Human-in-the-Loop LLM Grading for Handwritten Mathematics Assessments

This paper presents a scalable, human-in-the-loop workflow for grading handwritten mathematics assessments that leverages LLMs to reduce grading time by approximately 23% while maintaining fairness and accuracy comparable to manual grading.

Arne Vanhoyweghen, Vincent Holst, Melika Mobini, Lukas Van de Voorde, Tibo Vanleke, Bert Verbruggen, Brecht Verbeken, Andres Algaba, Sam Verboven, Marie-Anne Guerry, Filip Van Droogenbroeck, Vincent Ginis

Published 2026-03-16
📖 5 min read🧠 Deep dive

Imagine you are a teacher with 100 students. Every week, you give them a short, handwritten math quiz. You want to give them feedback quickly so they can learn, but grading 200 pages of messy handwriting takes hours. It's slow, tiring, and by the time you hand the papers back, the students have already forgotten the lesson.

Now, imagine a new tool: a super-smart AI robot that can read handwriting, understand math, and grade papers in seconds. But here's the catch: AI can sometimes make silly mistakes, get confused by bad handwriting, or be too generous.

This paper is about a team of researchers who built a "Human-in-the-Loop" system. Think of it not as replacing the teacher with a robot, but as giving the teacher a super-powered co-pilot.

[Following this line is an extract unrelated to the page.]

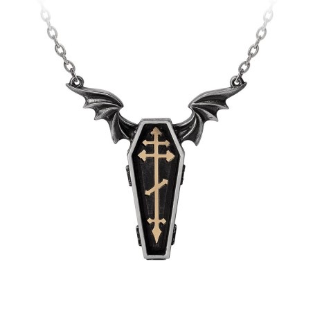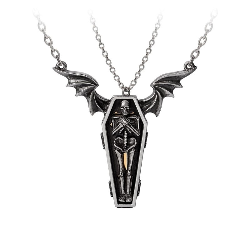 Communal acknowledgement of allegiance to the lord of Carpathia, and forever bound, body and soul, to his service. Embrace the profound connection you share with your partner through the exquisite ‘Undying Homage’ two-piece coffin and Skeleton couples necklace. This isn’t just jewellry; it’s a celebration of your love that intertwines life, death and intimacy in […]

Here is how their system works, explained through simple analogies:

1. The Problem: The "Handwriting Mountain"

Teachers are drowning in a mountain of handwritten papers.

  • The Old Way: Teachers climb the mountain alone, grading every single paper. It takes forever.
  • The AI Risk: If you just let an AI grade everything, it might get tricked by a student who writes "5" when they meant "S," or it might hallucinate a correct answer where none exists.
  • The New Threat: Students are now using AI to do their homework at home, so teachers are forced to give in-class handwritten tests to see what students actually know. This creates more grading work, not less.

2. The Solution: The "Assembly Line" Workflow

The researchers built a factory line for grading that combines human brains with AI speed.

Step 1: The Blueprint (The Grading Key)
Before the AI sees a single paper, the teachers create a very strict "recipe" for grading.

  • Analogy: Imagine you are baking a cake. You don't just tell the robot, "Make it taste good." You give it a recipe: "If the cake is golden brown, give 2 points. If it has a crack in the middle, subtract 1 point."
  • The researchers found that if the instructions are vague, the AI gets confused. They had to write extremely detailed instructions so the AI knew exactly what to look for.

Step 2: The Privacy Shield
Before the AI sees the paper, the system takes a photo of the student's answer, cuts out their name, and hides their ID.

  • Analogy: It's like sending a letter to a judge with the sender's name blacked out. The AI only sees the math, not who wrote it. This keeps things fair and private.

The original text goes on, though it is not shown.